One day last semester, my roommate came back from a job interview. When I asked her how it went she responded with, "High hopes, low expectations". If I'm being honest, I didn't understand what that meant right away. It almost sounded like a contradicting statement. How could you have high hopes while at the same time having low expectations? Aren't hopes and expectations one in the same? After noodling these four words in my head for some time, I finally realized what my roommate was meaning when she said them.
Hopes are not guaranteed, while expectations result in assuming some fulfillment of that idea.
I can hope that I will receive an A on my paper, but at the same time don't have the expectation that an A is what I will get. That way, when my professor gives me a B I will be disappointed maybe but it won't be crushing because I did not assume I would receive an A.
Understanding this motto has made me realize how much power I have given to expectations in my life.
I had expectations of friends and when they didn't meet them I was crushed.
I had expectations of presents on Christmas Day or my birthday, and when I didn't receive some of them I became immediately ungrateful for the things I did receive.
I had expectations of how well I should be in my sports or in my school work, and when I didn't meet the unrealistically high goals I had set for myself I viewed myself as a failure.
The deepest bitterness in my past was a direct result of unmet expectations.
I had this image in my mind of how things were going to go, how people around me were going to act, how my life would turn out. And when none of those expectations were fulfilled, anger and resentment and bitterness filled me until I hardly recognized myself.
I have given expectations too much power over me. Satan has had a foothold in my mind through feeding me assumptions in how my life on my terms should go. But by surrendering those expectations to the feet of Jesus, there is so much freedom!

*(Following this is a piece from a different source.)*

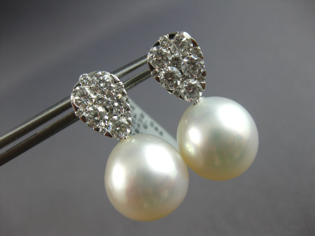 ESTATE LARGE 1.87CT DIAMOND & AAA SOUTH SEA PEARL 18KT WHITE GOLD 3D HANGING EARRINGS

With Jesus carrying those burdens for me, I can live in hopefulness and refuse to become bitter when something doesn't go my way. I no longer have to live in constant disappointment when my heart is trusting in God's perfect plan for me.
I read a quote recently that said, "Expectations are premeditated resentment."
When we nail our expectations to the cross of Christ, we don't have to carry around a burden of resentment with us. We can have the freedom to be thankful for unexpected blessings.
Coming from someone who was ruled by expectation for far too long, let me tell you... it is freeing to finally surrender plans for how my life will turn out to the One whose plan is so much better than mine.